Figure 1 Flow chart of ACGC.
ACGC is composed of atomic adjacent group (AAG), shape factor (SF) and atomic connectivity factor (ACF). The working process of ACGC is described in Figure 1. AAG is a systematic group definition approach that explicitly decomposes each molecular structure into a set of non-overlapping functional groups based on the relationship between core and adjacent atoms. SF is used to calculate the effect of molecular shape. ACF is used to calculate topological position factors by atomic properties to describe the positions of groups. We also analyze and evaluate the model by external verification, internal verification and Y-randomization test31.

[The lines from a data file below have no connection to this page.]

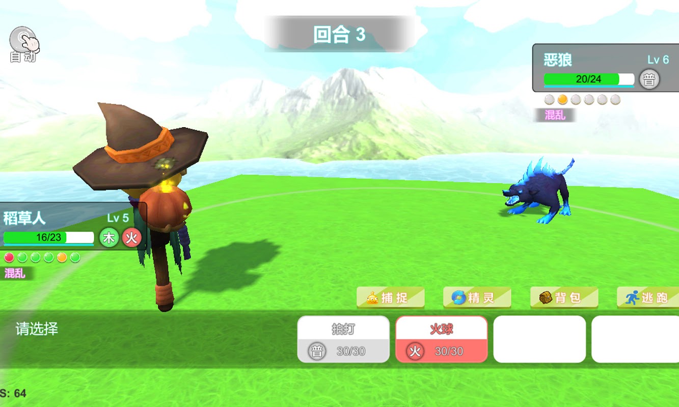 Permainan mudah alih pusingan 3D, boleh menangkap, memupuk, melawan dan pengembaraan.
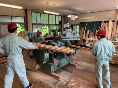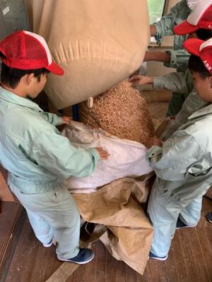 環境コースでは、木材加工をする前に材料準備をします。自分たちで自動かんな盤でカンナがけをするのですが、カンナくずは捨てたりはしません。馬術部の馬の敷料(馬の寝床♪)にするのです。なんと、これにはプリントのシュレッダーくずも混ぜています。本来捨てるものを活用する。これこそSDGsですね!!!。
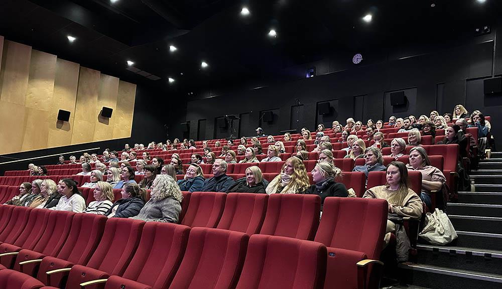 Mange barnehagetilsette blant publikum i Bømlo kulturhus under presentasjonen av "Ordet fangar".
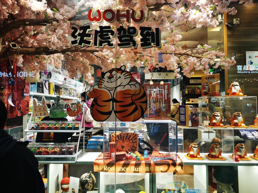 深受年輕人喜歡的國(guó)潮、文創(chuàng)、盲盒等產(chǎn)品也紛紛蹭起虎年熱度。在廣州聯(lián)合書店的文創(chuàng)區(qū),藝術(shù)家將老虎形象融入原創(chuàng)IP設(shè)計(jì),便攜麻將、解壓神器、虎頭擺件等占據(jù)櫥窗C位。廣州市民高小姐拿著一個(gè)虎頭挎包愛不釋手,她表示,春節(jié)期間很愿意買一些跟生肖有關(guān)的產(chǎn)品,“現(xiàn)在的生肖產(chǎn)品都既有設(shè)計(jì)又有創(chuàng)意,很貼合青年人喜歡的點(diǎn),所以看到喜歡的都愿意去買?!?/p>
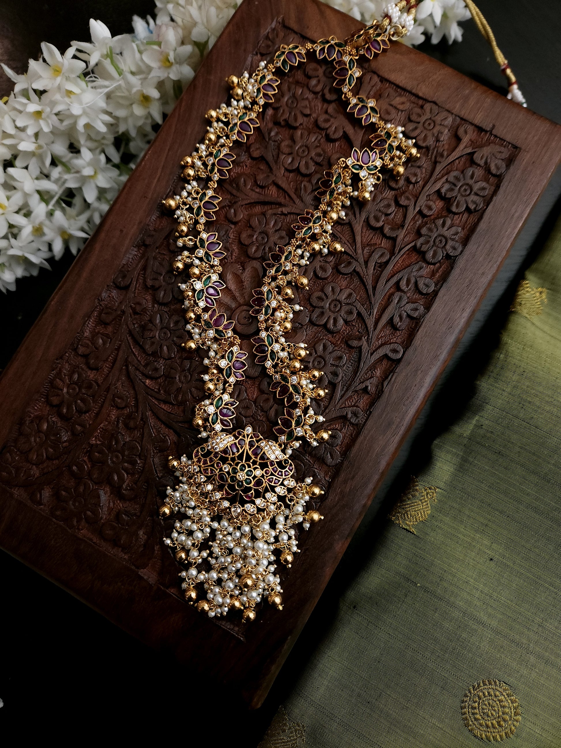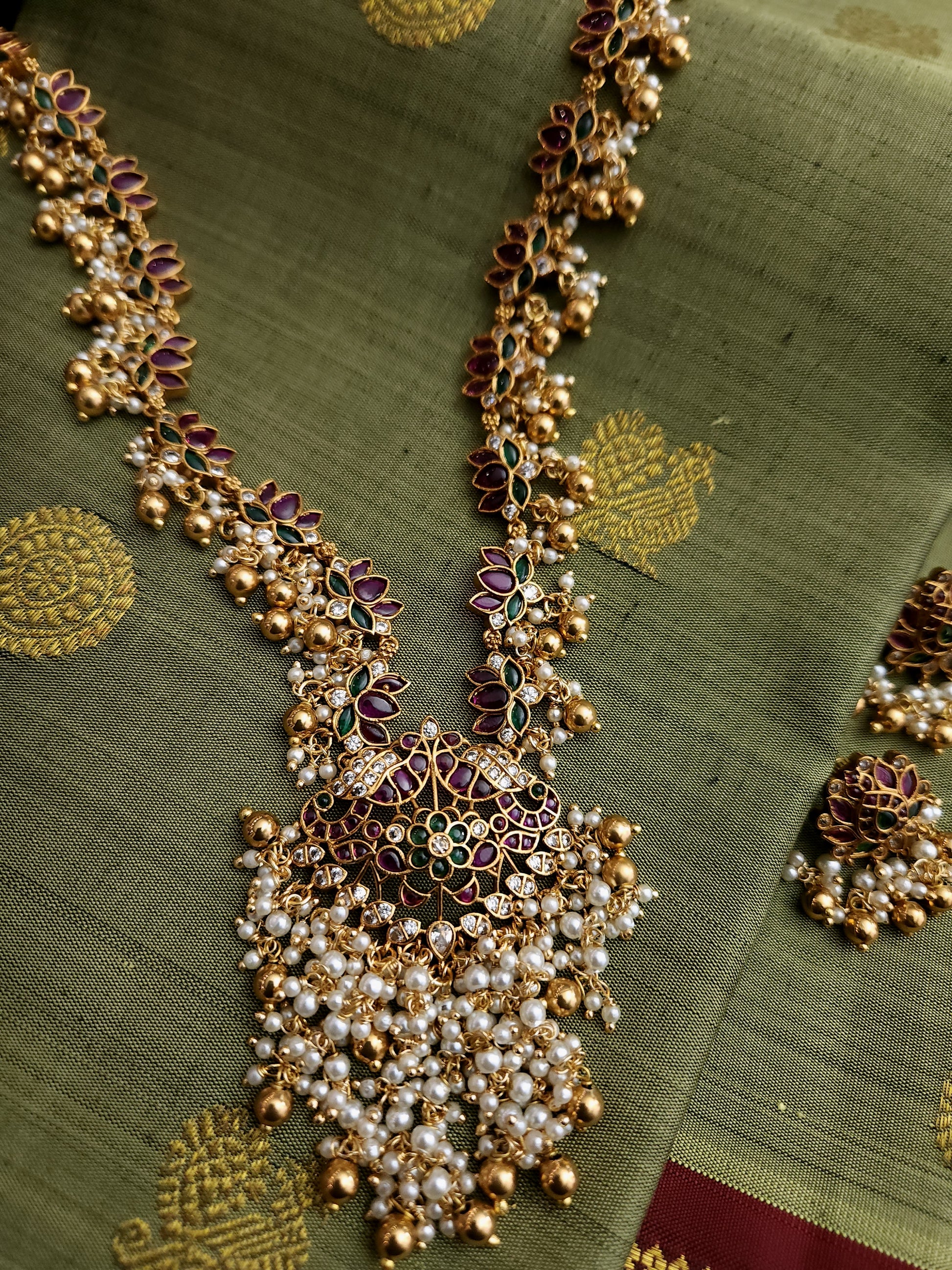 Long kemp haaram loaded with pearls , paired with stunning earrings. This intricate and elegant set includes a stunning haaram adorned with pearls, along with perfectly paired earrings that will elevate any outfit. Made with high-quality materials, it's a sophisticated and timeless accessory that is perfect for formal occasions or everyday wear.
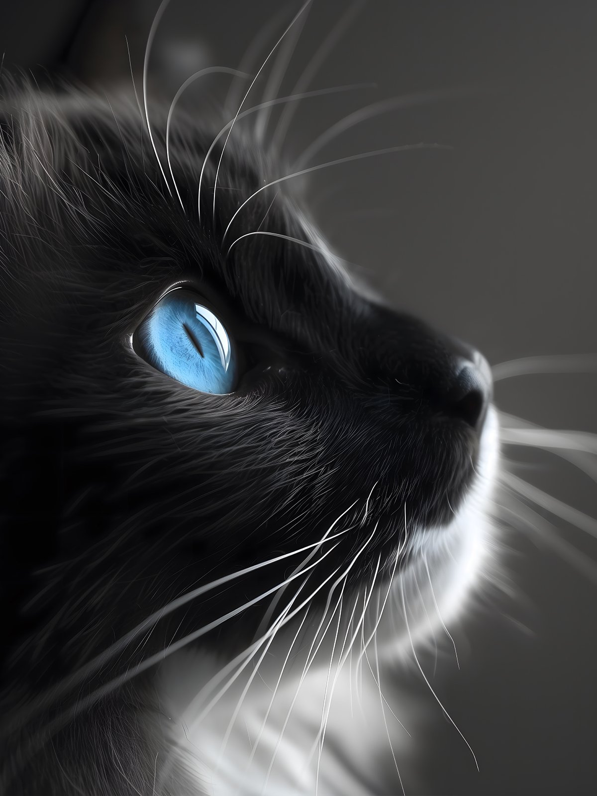 The escena focuses on a close-up of a cat. This cat has a pair of extremely eye-catching blue eyes, brillante and claro, gustar two crystal sapphires, which stand out contra the dim fondo. The overall picture is lleno of mystery and tranquilidad, haciendo personas querer to explorar the inner mundo of this cat más deeply.
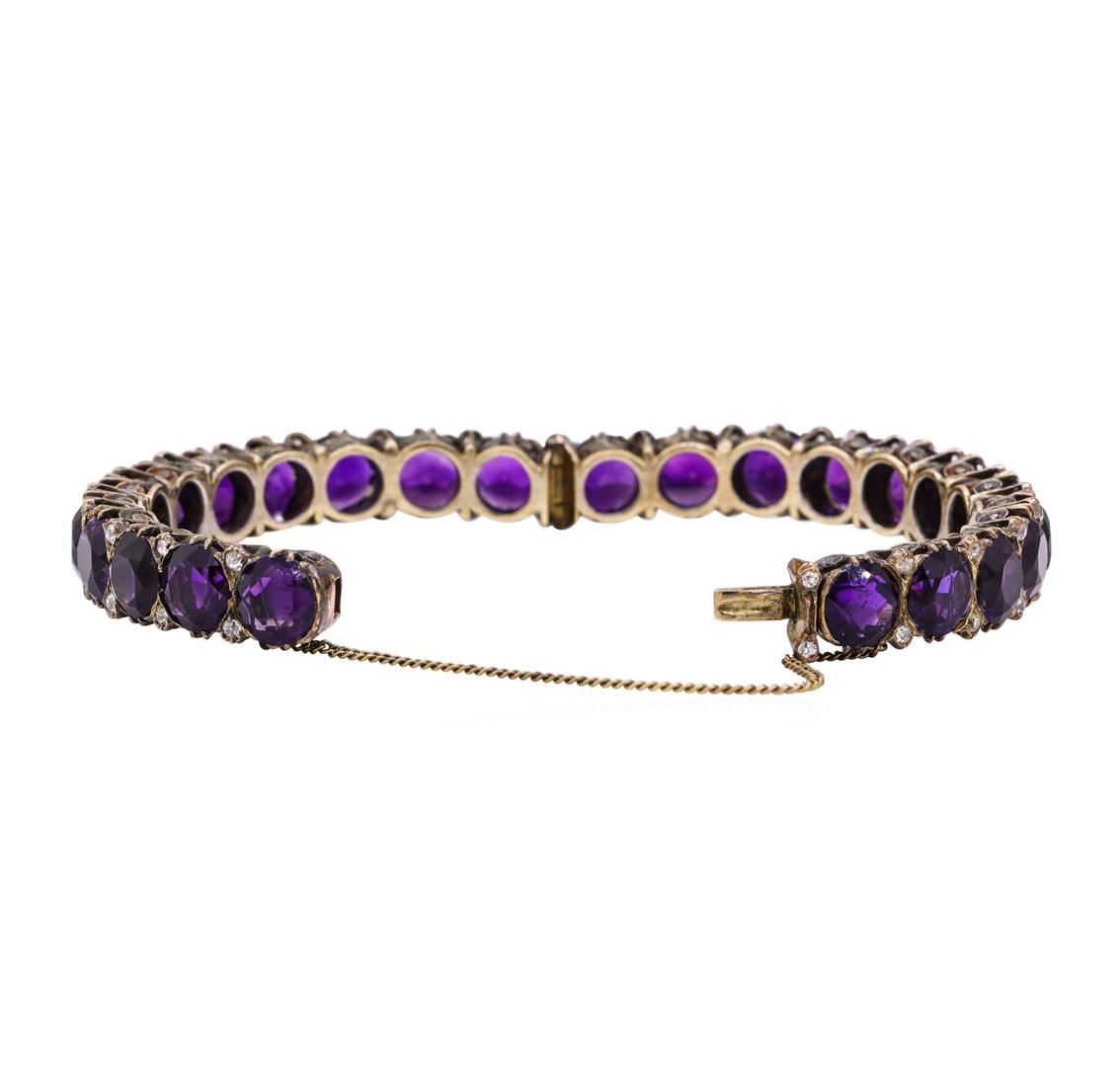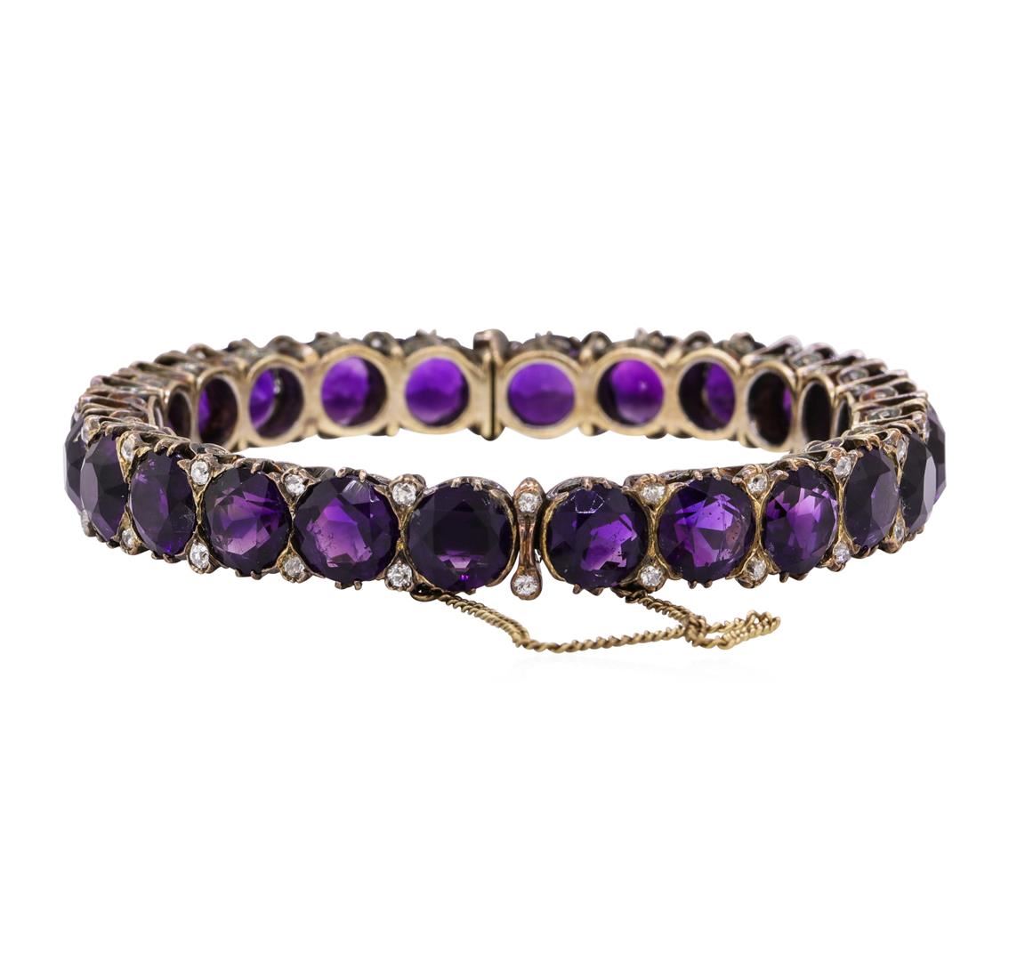 One vintage style bangle bracelet with black antiquing featuring: 14KT yellow gold weighing 41.3 grams containing amethysts weighing 40.00ctw and diamonds weighing 1.20ctw. The bracelet measures approximately six and a half inches in circumference.

Atomic adjacent group (AAG)
The traditional group contribution method requires a higher level of groups to make a more accurate division, and the division method is complicated. The AAG is proposed by the atomic adjacent relationship. Atoms are classified into two types: endpoint atom and connection atom. The atom connected with only one non-hydrogen atom is defined as endpoint atom. The atom connected with two or more non-hydrogen atoms is defined as connection atom. A group consists of core atom, adjacent atoms and bond types, which are shown in Figure 2. Core atom is a connection atom, which neighbors with two or more non-hydrogen atoms. Core atoms include carbon, oxygen, nitrogen, silicon, sulfur, phosphorus and so on. Atoms connected to core atom include endpoint atoms and connection atoms. Endpoint atom is described in the parenthesis, ’()’. Connection atom is described in the bracket, ’[]’. Bond types between the core atom and adjacent atom are presented before the adjacent atoms. The single bond, double bond, triple bond of linear structure is described as -, =, ≡, respectively. The single bond, double bond, triple bond of cyclic structure and aromatic bond are described by ~,≈,≋ and ∷, respectively. Four examples are used to describe the group definition rules in Table S1 of Supporting Information (contribution-coefficient.docx).